In this post he says that the point of policy impact assessment is to compare what will happen if a policy is implemented to a baseline, without the policy. Fair enough, but is that enough? He says:
Policy impact quantifies how things are different as a consequence of the policy. [emphasis mine]
His analysis of the impact of the Affordable Care Act on the part-time labor market concludes that two of the things that keep people in full-time employment, access to health insurance coverage and higher pay, will be eroded by the ACA. The bit about the insurance coverage is obvious enough. Well done! The bit about the higher pay is not quite as obvious. The numbers Mulligan uses are telling, however.
The example he uses to make his case is of someone working at a job that pays $28 per hour, so if you assume as Mulligan does that they also get two weeks of unpaid vacation a year, the full-time worker gets $56,000, while someone working at the same job for only 30 hours per week would earn just $42,000. When you look at the differences between the full-time worker getting insurance coverage through her job and the part-time worker getting subsidized coverage through an ACA exchange, at the end of the year after taxes and health-insurance related costs, it’s a wash! They both get $34k take-home pay.
However, how likely is it that that worker will be able to get a job that pays $28/hour on a part-time basis? Not very.

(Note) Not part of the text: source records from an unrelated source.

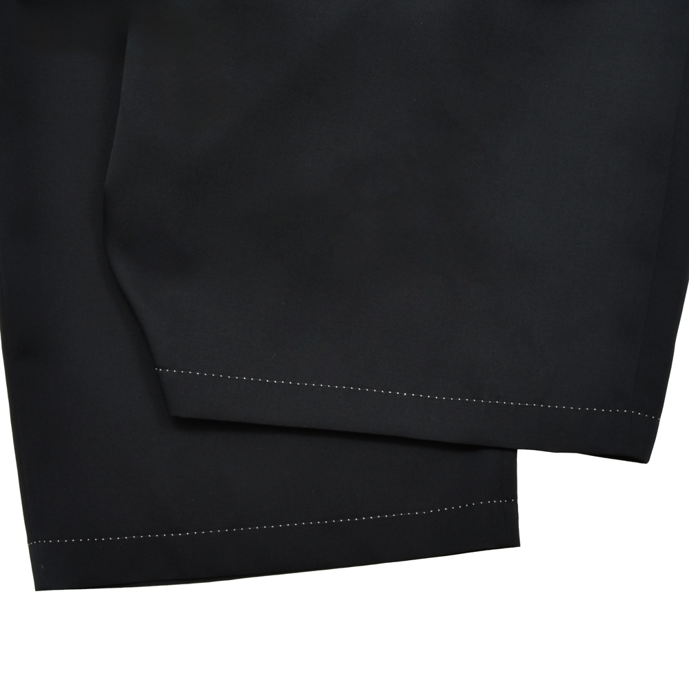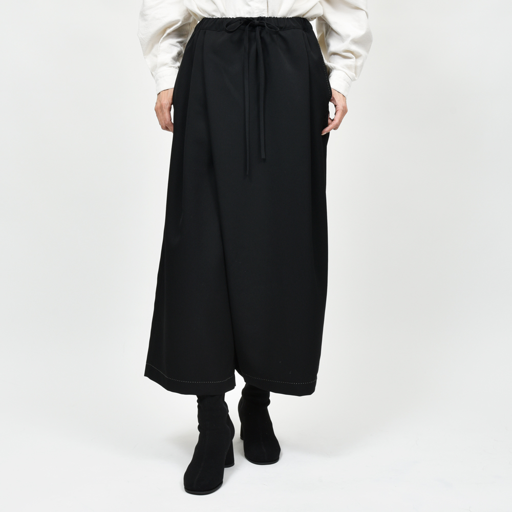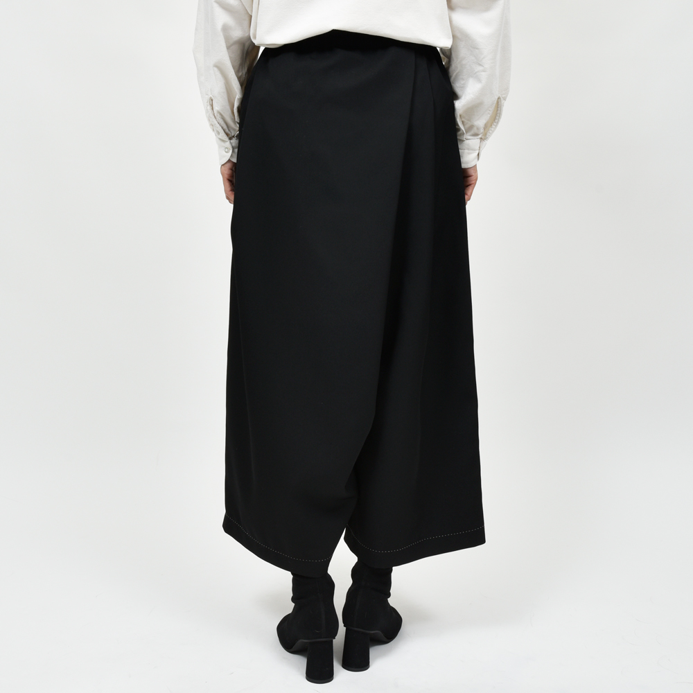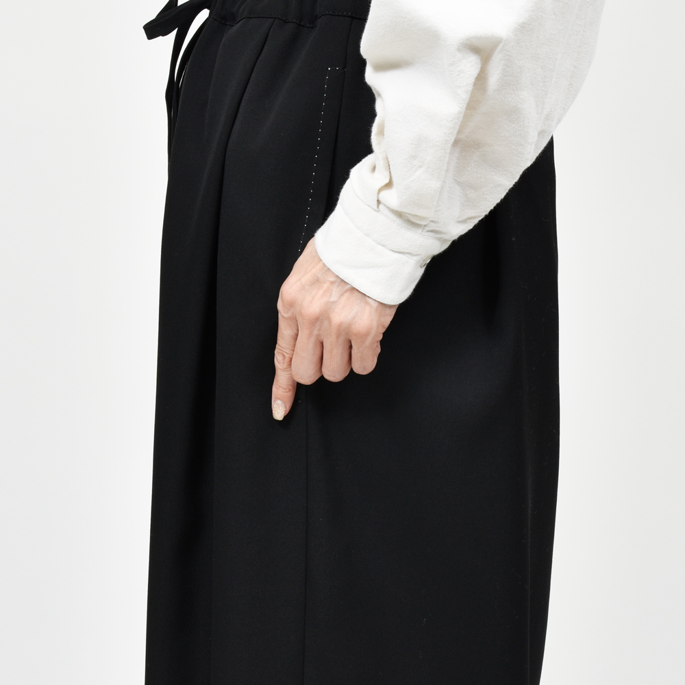 遊び心あふれるシルエットが魅力のウールパンツ。
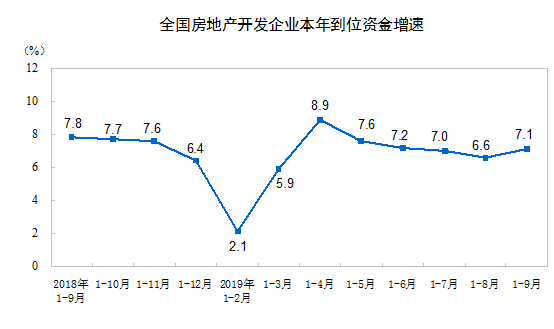1—9月份,房地產(chǎn)開發(fā)企業(yè)到位資金130571億元,同比增長7.1%,增速比1—8月份加快0.5個百分點。其中,國內貸款19689億元,增長9.1%;利用外資104億元,增長1.4倍;自籌資金42024億元,增長3.5%;定金及預收款43877億元,增長9.0%;個人按揭貸款19900億元,增長13.6%。
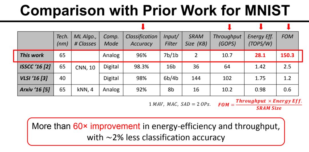 于是,使用Conv-SRAM和MAV,最终实现了在LeNET网络对MNIST数据集分类这个benchmark上60倍以的能效比提升,而分类精度降低了约2%。

Using the 2012 Monthly Outgoing Rotations Group file (available here), we find that the 95th percentile of hourly wages last year earned $29 per hour. The average was $12.14 an hour and the median hourly wage for part-time workers was $9.50. Those are the likely kinds of jobs someone will get if they “choose” to work part-time (a choice Mr. Mulligan has never pondered, alas). Full-time workers getting paid hourly will be a little better-paid: the 90th percentile hourly wage for full-time works last year was $28! Their mean and median hourly wages were also higher ($16.67 and $14, respectively).

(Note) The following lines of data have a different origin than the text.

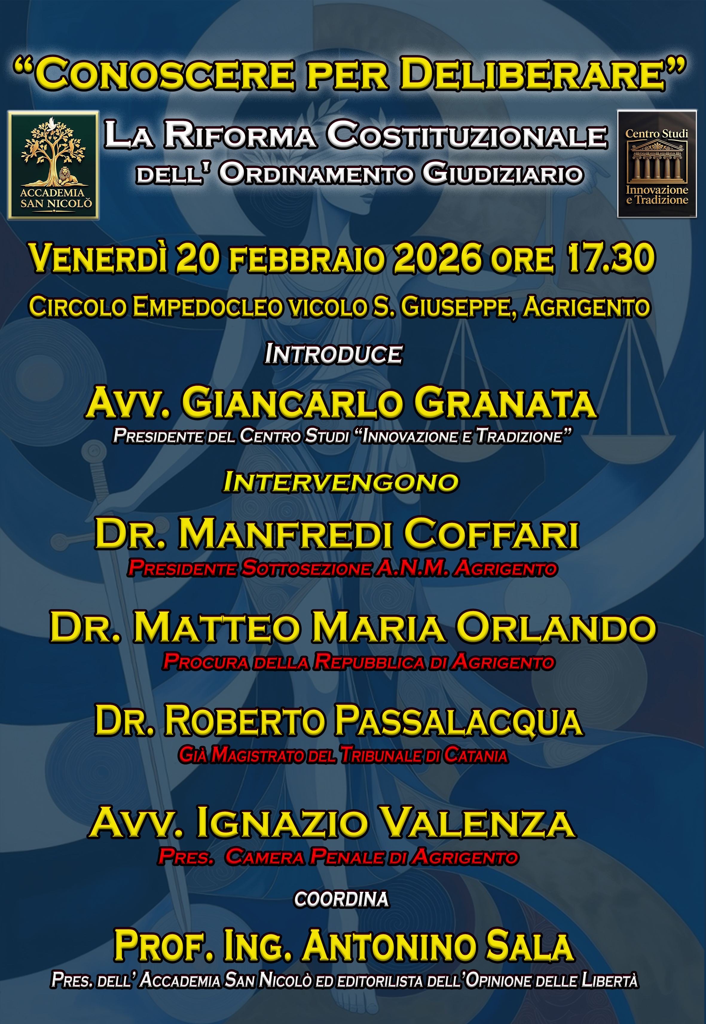 Il referendum si avvicina. Quando manca poco più di un mese alla tornata elettorale che metterà in mano agli italiani la scelta sulla riforma della giustizia promossa dal ministro della Giustizia Carlo Nordio, un interessante dibattito si tiene oggi pomeriggio presso il Circolo Empedocleo di Agrigento. L’incontro, dal titolo “Conoscere per Deliberare”, è dedicato alla riforma costituzionale dell’ordinamento giudiziario voluta dal guardasigilli, e organizzato dal Centro studi innovazione e tradizione e dall’Accademia San Nicolò. Dopo l’introduzione dell’avvocato Giancarlo Granata e con il coordinamento del professor ingegnere Antonino Sala – scrittore e collaboratore de L’Opinione delle Libertà – il confronto entrerà nel vivo grazie agli interventi di relatori che rappresentano sensibilità ed esperienze diverse: il dottor Manfredi Coffari, presidente della sottosezione di Agrigento dell’Associazione nazionale magistrati, il dottor Matteo Maria Orlando della Procura della Repubblica di Agrigento, il dottor Roberto Passalacqua, già magistrato del Tribunale di Catania, e l’avvocato Ignazio Valenza, presidente della Camera penale di Agrigento.
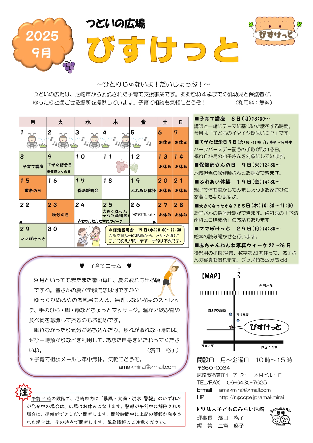 NPO法人子どものみらい尼崎が運営する、南部の広場(びすけっと・まかろん)からのお知らせです。
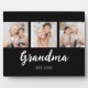 Grandma Established Modern Script 3 Photo Black Plaque. To customize, replace the photos and change the year.

So, yes, it is good to not use Red Herrings when doing policy analysis. It is also good to use common sense. In the mythical world where more than just the top 10% of workers make the kind of money Mulligan imagines hourly workers do, perhaps workers all have the option of setting their own hours. In our economy, workers do not control the hours they work, for the most part, unless they are consultants. The monthly Current Population Survey, our country’s labor force survey, asks detailed questions of people working part-time: why are you working part-time; do you want to work full-time; etc. They do not ask full-time employees if they would rather be working part-time (though I am sure many of them would say yes). If we could imagine the survey then asking them why they would rather work part-time, I don’t think better pay will be on the list of options, even after the ACA. So, the “new” economics of part-time labor will apply to very, very few workers. Mulligan tells us that
As long as there are more than zero people whose full-time vs. part-time work decision depends on funds or insurance, there is the potential for policy impact.
Indeed. Another interesting thing to include in your analysis is how big the impact is liable to be. Remember the part about quantifying the impact? Mulligan’s case is that there will be an impact. But he does not quantify it. In this case, the quantity of the impact will be a quantum.